The "exercise" part of exercise echocardiography

^* Department of Cardiovascular Medicine, Cleveland Clinic Foundation, Cleveland, Ohio, USA

^* Reprint requests and correspondence: Dr. Michael S. Lauer, Director of Clinical Research and Stress Laboratory, Department of Cardiovascular Medicine, Cleveland Clinic Foundation, Desk F25, 9500 Euclid Avenue, Cleveland, Ohio 44195, USA.
Lauerm{at}ccf.org

With such a plethora of tests available, what tests should clinicians obtain, in what order and in which patients? Recent guidelines from the American College of Cardiology (ACC) and the American Heart Association (AHA) suggest that for patients thought to be at intermediate or high risk for coronary disease, as well as for patients with established disease, initial risk stratification test should involve some form of stress (9). If a patient can exercise, has an interpretable electrocardiogram and has not had prior revascularization, the test of choice is an exercise electrocardiogram without concurrent imaging. Patients deemed to be high risk should then be referred to coronary angiography, whereas low risk patients can be treated conservatively. Those patients whose predicted risk is still uncertain are appropriate candidates for imaging.
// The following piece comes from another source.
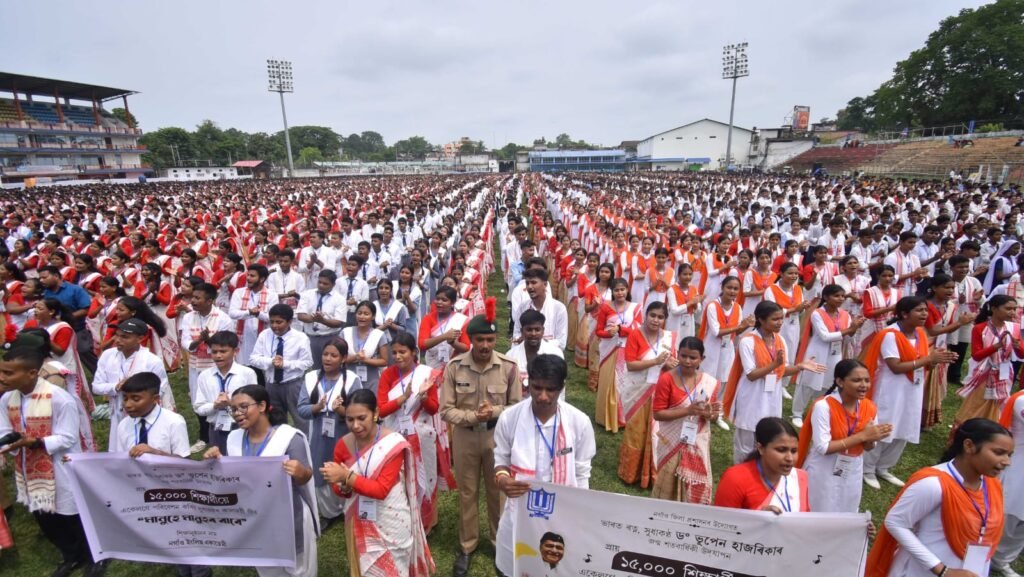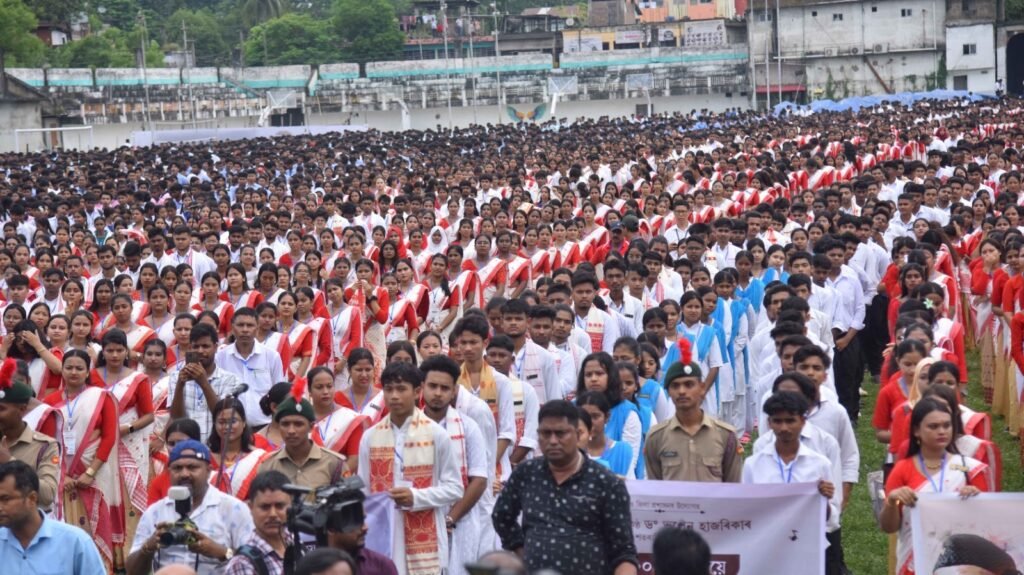 ১৭ হেজাৰ শিক্ষাৰ্থীয়ে সমস্বৰত সুধাকণ্ঠৰ ‘মানুহে মানুহৰ বাবে’ পৰিৱেশন কৰি গঢ়িলে ইণ্ডিয়ান বুক অৱ ৰেকৰ্ডছ

In this issue of the Journal, McCully et al. (10) present an interesting analysis that questions the approach recommended by the ACC/AHA guidelines (9). Previously, this group showed that patients with normal exercise echocardiograms are at very low risk for subsequent cardiac events (11). Now, they present the outcomes of 1,874 patients who underwent stress echocardiography with abnormalities either at rest or during exercise and who had a "good exercise capacity" defined simply as 7 METs in men and 5 METs in women (10). Those patients whose left ventricular end-systolic size failed to decrease during exercise or whose end-exercise left ventricular systolic function was severely impaired were at increased risk for cardiac death and other major cardiac events. In a multivariable analysis, the only independent predictors of outcome were diabetes mellitus, history of prior myocardial infarction and failure of left ventricular end-systolic size to decrease. The authors conclude that among their patients with a good exercise capacity but abnormal exercise echocardiograms, sophisticated analyses of exercise echocardiographic variables provide incremental information for identification of higher and lower risk groups.
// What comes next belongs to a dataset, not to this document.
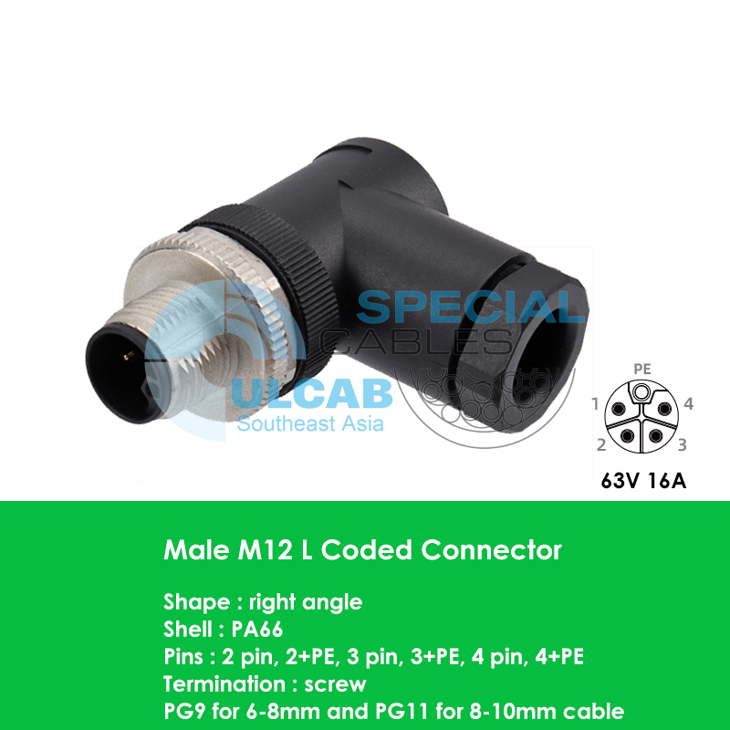 Đầu nối dây điện góc phải mã L M12 Male là đầu nối nguồn được làm bằng vỏ PA66, có điện áp định mức DC 63V và dòng điện định mức 16A.

An obvious implication of this study is that stress testing without concurrent echocardiography is not enough, as even among patients with a "good exercise capacity" the echocardiogram was of additional prognostic value. Can clinicians trust the exercise test alone to satisfactorily identify low risk patients? Or must concurrent imaging be performed straight away, even in the large number of patients who can exercise, have interpretable electrocardiograms and have no history of revascularization?

To answer these questions, we must first examine the stress test itself and its ability to stratify risk. Probably the most powerful stress test predictor of risk is exercise capacity (9). Because exercise capacity is closely related to age and gender, some researchers have defined impaired capacity according to prespecified age and gender categories (3,12). This is important as, for example, an exercise capacity of 7 METs has a very different prognostic meaning in a 40-year-old man than in a 70-year-old man. In the 40-year-old man, an exercise capacity that low predicts a substantially increased risk of death (3,12), whereas in the 70-year-old risk would not be increased.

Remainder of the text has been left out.